The story is one of classic Christmas feel-good victories, and like its protagonist, the movie itself also has somewhat of a comeback story. Following its release in 1946, “It’s a Wonderful Life” was a complete box office flop, to the point that it shuttered Frank Capra’s production company. Yet 30 years later, after someone forgot to file an updated copyright request, the movie became public domain and networks played it every day, every hour, during Christmastime.
Perhaps that’s the greatest allure of the movie: its timelessness. It’s been over 70 years since “It’s a Wonderful Life” was first released, but to this day, it gives family and friends occasion to squeeze together onto couches and under blankets to watch George Bailey’s story play out. Everybody wants to see themselves in George Bailey, in a world where nobody would be better off without their presence. Where everything one does somehow affects someone else which affects someone else, and so on. It’s a message even a toddler watching it for the first time in her grandparent’s basement can understand. Nobody’s life is worthless.

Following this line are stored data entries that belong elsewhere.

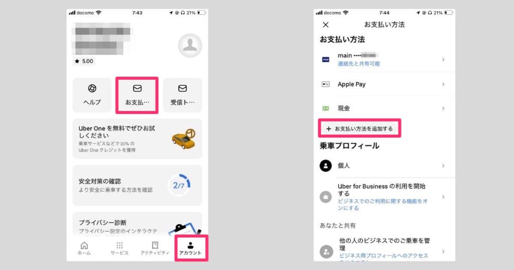 下のメニューから、「アカウント」を選択 > 「+お支払い方法を追加する」をタップしましょう。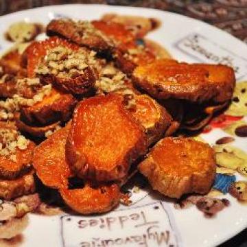 3.把红薯移到盘子里,撒上碎核桃仁,上桌趁热吃。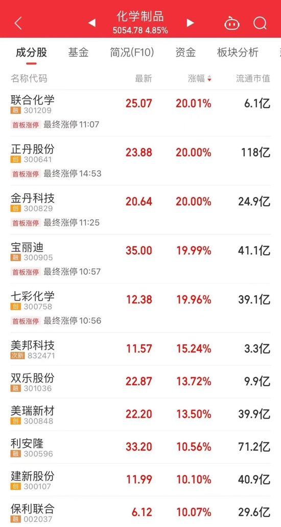 今日,化工板块全线走强。磷化工、印染概念大爆发。联合化学、正丹股份、金丹科技等“20CM”涨停。
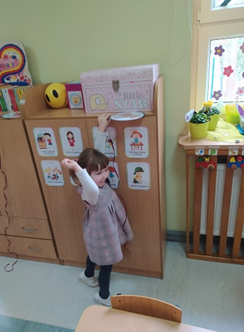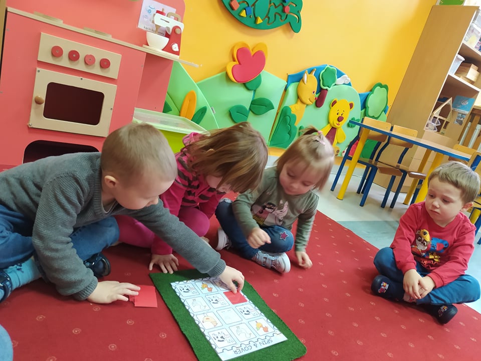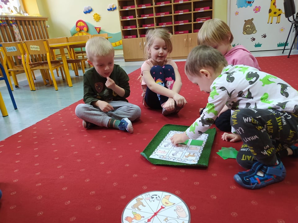 W miesiącu marcu Smerfy wraz z żabką Polly wybrały się na niezwykłą wycieczkę na farmę, gdzie poznały nazwy zwierząt w języku angielskim. Temat ten bardzo przypadł dzieciom do gustu, a dzięki ciekawym propozycją zabaw i gier, nasi milusińscy nie tylko poszerzyli zasób słownictwa lecz także opanowali umiejętność stosowania się do zasad gry, umiejętność zgodnej współpracy z innymi dziećmi oraz umiejętność czekania na swoją kolej.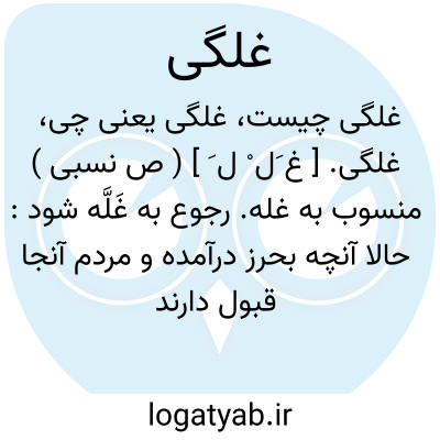 غلگی. [ غ َل ْ ل َ ] ( ص نسبی ) منسوب به غله. رجوع به غَلَّه شود: حالا آنچه بحرز درآمده و مردم آنجا قبول دارند واجب غلگی یکساله چهل هزار خروار غله صدمنی که به مال دیوان میدهند سوی زری و اجناس دیگر. ( روضات الجنات فی اوصاف مدینة هرات ج 1 ص 315 ).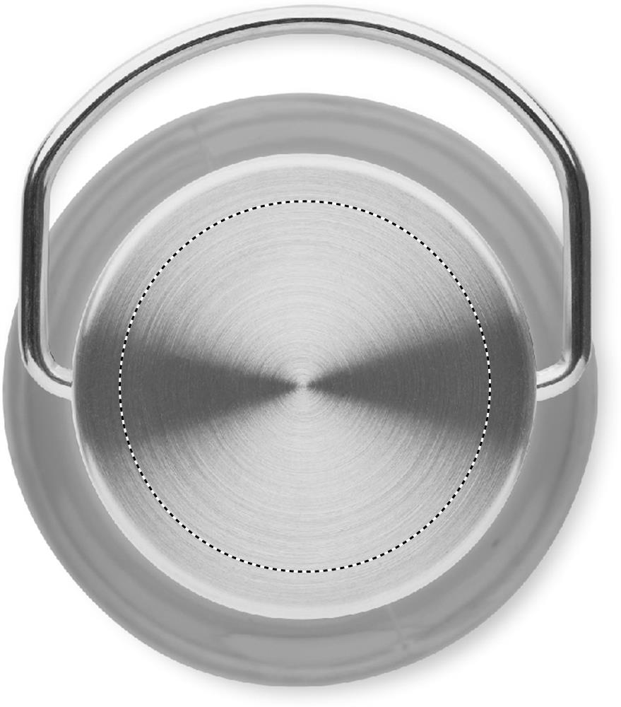 Trinkflasche aus BPA-freiem RPET. Verschluss aus Edelstahl mit Henkel. Auslaufsicher. Füllmenge: 600 ml.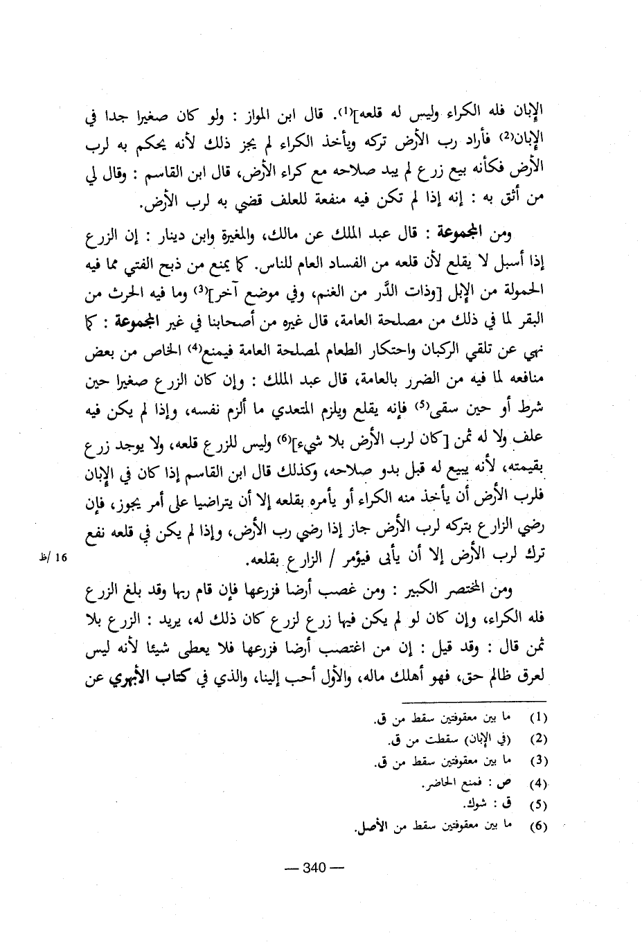 ومن المجموعة: قال عبد الملك عن مالك، والمغيرة وابن دينار: إن الزرع إذا أسبل لا يقلع لأن قلعه من الفساد العام للناس. كما يمنع من ذبح الفتي مما فيه الحمولة من الإبل [وذات الدر من الغنم، وفي موضع آخر] وما فيه الحرث من البقر لما في ذلك من مصلحة العامة، قال غيره من أصحابنا في غير المجموعة: كما نهي عن تلقي الركبان واحتكار الطعام لمصلحة العامة فيمنع الخاص من بعض منافعه لما فيه من الضرر بالعامة، قال عبد الملك: وإن كان الزرع صغيرا حين شرط أو حين سقى فإنه يقلع ويلزم المتعدي ما ألزم نفسه، وإذا لم يكن فيه علف ولا له ثمن [كان لرب الأرض بلا شيء] وليس للزرع قلعه، ولا يوجد زرع بقيمته، لأنه يبيع له قبل بدو صلاحه، وكذلك قال ابن القاسم إذا كان في الإبان فلرب الأرض أن يأخذ منه الكراء أو يأمره بقلعه إلا أن يتراضيا على أمر يجوز، فإن رضي الزارع بتركه لرب الأرض جاز إذا رضي رب الأرض، وإذا لم يكن فيه قلعه نفع ترك لرب الأرض إلا أن يأبى فيؤمر/الزارع بقلعه.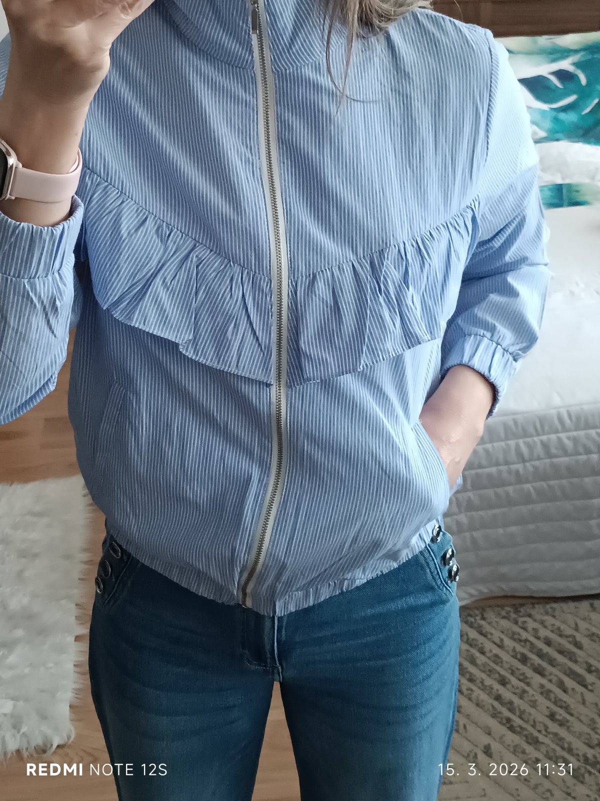 Bundička je tenká, vhodná na letné večery, má jemný biely pásik, oblečie S- Šírka pod pazuchami 52 CM, dĺžka od krku nadol 59 CM, dĺžka rukáva 61 cm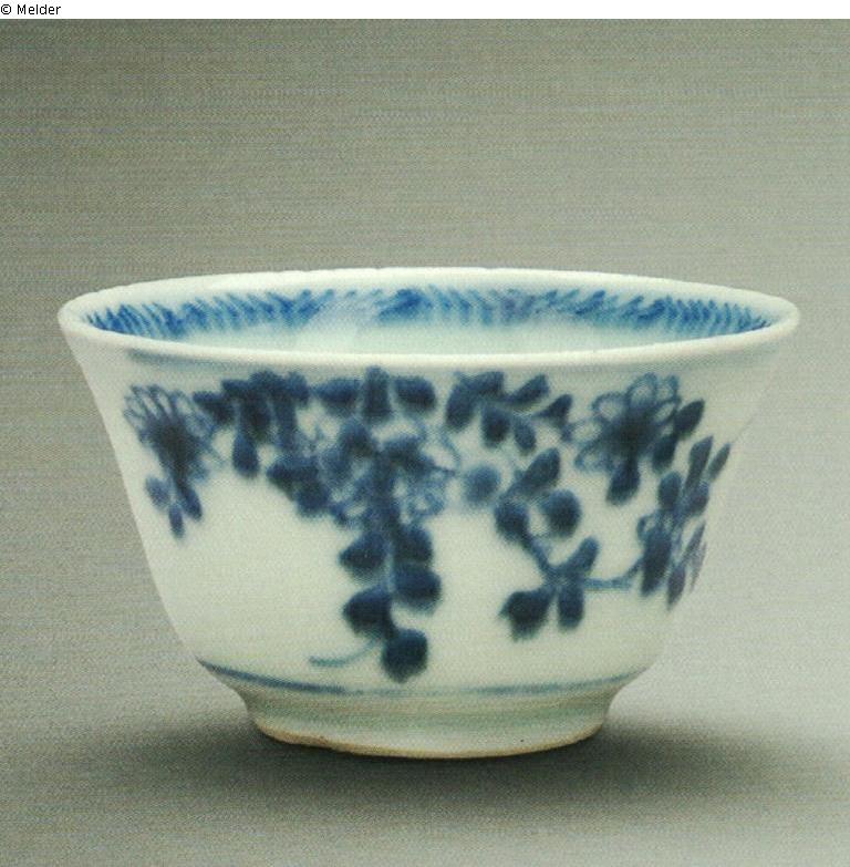 Keramik (Porzellan) ; Unterglasurfarbe kobaltblau / Emaillemalerei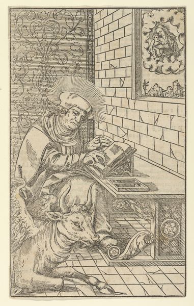 Curator: This is Albrecht Durer's "St. Jerome," created around 1492. It is a striking print. Editor: My first impression is the incredible detail. The textures are almost palpable, especially the rendering of the lion’s fur and Jerome’s garments. The whole scene feels very intimate and concentrated. Curator: Durer's skill with the burin is definitely on display. We see it here in the density of lines, creating such varied tones. The materials available to artists like Durer – the quality of the paper, the sharpness of the burin, even the available light in the workshop - profoundly shaped these works. The ability to create and distribute printed images democratized artmaking in a way that hadn’t been possible before. Editor: Absolutely, the print medium itself carries its own historical weight. Think about the socio-political context. The late 15th century was a time of immense religious and intellectual upheaval, the dawn of the printing press. Images like this, distributed widely, helped to shape the visual culture and devotional practices of the period. Look at the arrangement of the study, the symbols and layout carry the historical weight of Jerome as translator. Curator: Notice also how he uses the space. The careful placement of tools, books, and objects really highlight St. Jerome's profession and working conditions. Even something as seemingly simple as the type of paper would have impacted the final result. Access to certain pigments would also play a major part of artistic consideration. The print medium and the means to generate printed information held social influence during the period, for the people in power who wished to promote propaganda. Editor: Yes, the symbolism is rich, reinforcing his role and message! The inclusion of the lion, of course, speaks to the story of Jerome removing a thorn from the lion's paw, cementing the idea of wisdom, compassion, and control over the animal, symbolizing base human instinct. It suggests how religious icons were used, what sort of political imagery became normalized during this historical period. Curator: Considering that it's printed, we might also want to think about who was consuming these images and under what conditions. How were they sold and circulated, how were they displayed in homes? These processes of consumption ultimately give new layers to meaning-making in addition to original religious intent of this imagery. Editor: This is fascinating work from Durer; thinking through its artistic labor as a symbol, its use and historical symbolism of the period helps us consider artistic merit through a wider cultural and social lens. Curator: Exactly, by investigating both the artistic hand and materials and the wider social influence, we develop a nuanced interpretation that honors Durer's place in art history.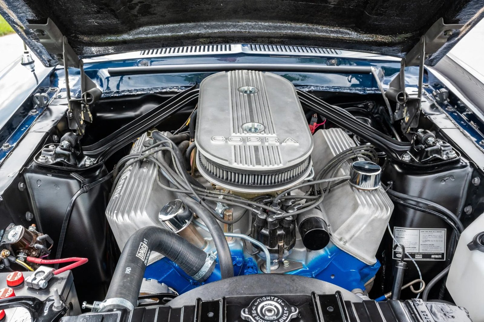 The 15″ 10-spoke wheels wear Shelby Cobra center caps and are mounted with F70-15 Goodyear white-letter tires.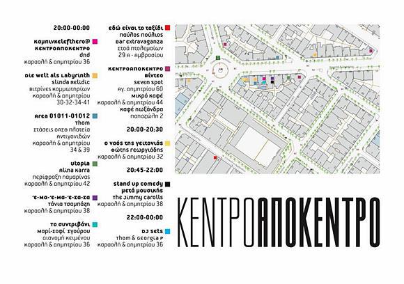 Η εκδήλωση, με τον τίτλο ΚΕΝΤΡΟΑΠΟΚΕΝΤΡΟ, διοργανώνεται από ομάδα κατοίκων και εργαζομένων της περιοχής Πλατείας Αντιγονιδών. Πραγματοποιείται για πρώτη φορά και σκοπός της ήταν, κατά τη διάρκεια της προετοιμασίας αλλά και κατά την υλοποίησή της, να φέρει σε επαφή ανθρώπους που ζουν κοντά και ενδιαφέρονται να αναθεωρήσουν τη γειτονιά τους.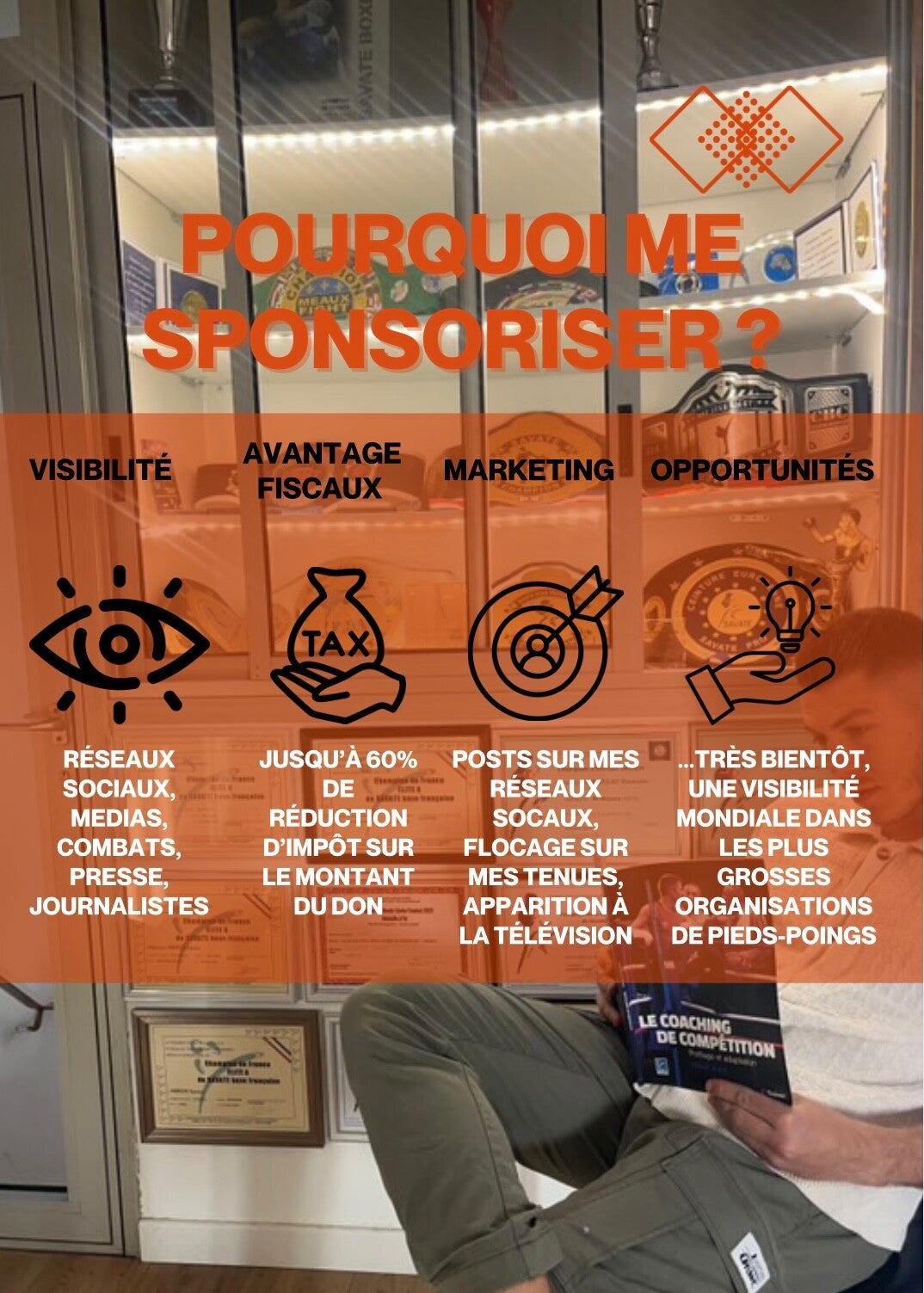 Porté par des objectifs clairs et une détermination constante, j’ai su m’imposer comme numéro 1 en boxe française. Aujourd’hui, je souhaite franchir un nouveau cap en intégrant les plus grandes organisations internationales telles que ONE Championship ou GLORY, avec l’ambition de m’imposer durablement en kickboxing. Pour atteindre ce niveau d’exigence et concrétiser ce projet, le soutien de partenaires engagés est essentiel. Ensemble, nous pouvons transformer cette ambition en réussite!

For 20 years I’ve been watching Frank Capra’s unlikely masterpiece in the lead up to Christmas. I don’t race my brother down the steps on Christmas morning anymore. My presents to family are bought with money from jobs rather than twisted together with construction paper and pipe cleaners. I’m too far away from home to help string up the lights, and there’s an empty seat at our Christmas table now.
The sad truth is that sometimes, it truly is a terrible life. There is pain, loss, helplessness. It is easy to look around and give up, to feel beaten by life. But the most important scenes in “It’s a Wonderful Life” aren’t the ones predicated on sacrifice and anger. They’re the silent promises to love someone until the day you die. The pocketing of petals to bring a young girl’s flower back to life. The quiet prayer muttered in a crowded bar. The decision to jump in to save someone else before you save yourself. Believing that even at the lowest point, there is hope.
As much as the world has changed since 1946, and as much as my life has changed since that first viewing, “It’s a Wonderful Life” has not gone away. I predict it never will. The human desire to feel needed transcends time and age. The six-year-old watching next to their grandmother may be inspired to reach out one more hand, to be kind to one more person. The grandmother may reflect on her many years, and be grateful for the good and the bad. Like the motto hanging in the Bailey office insists, “all you can take with you is that which you have given away.”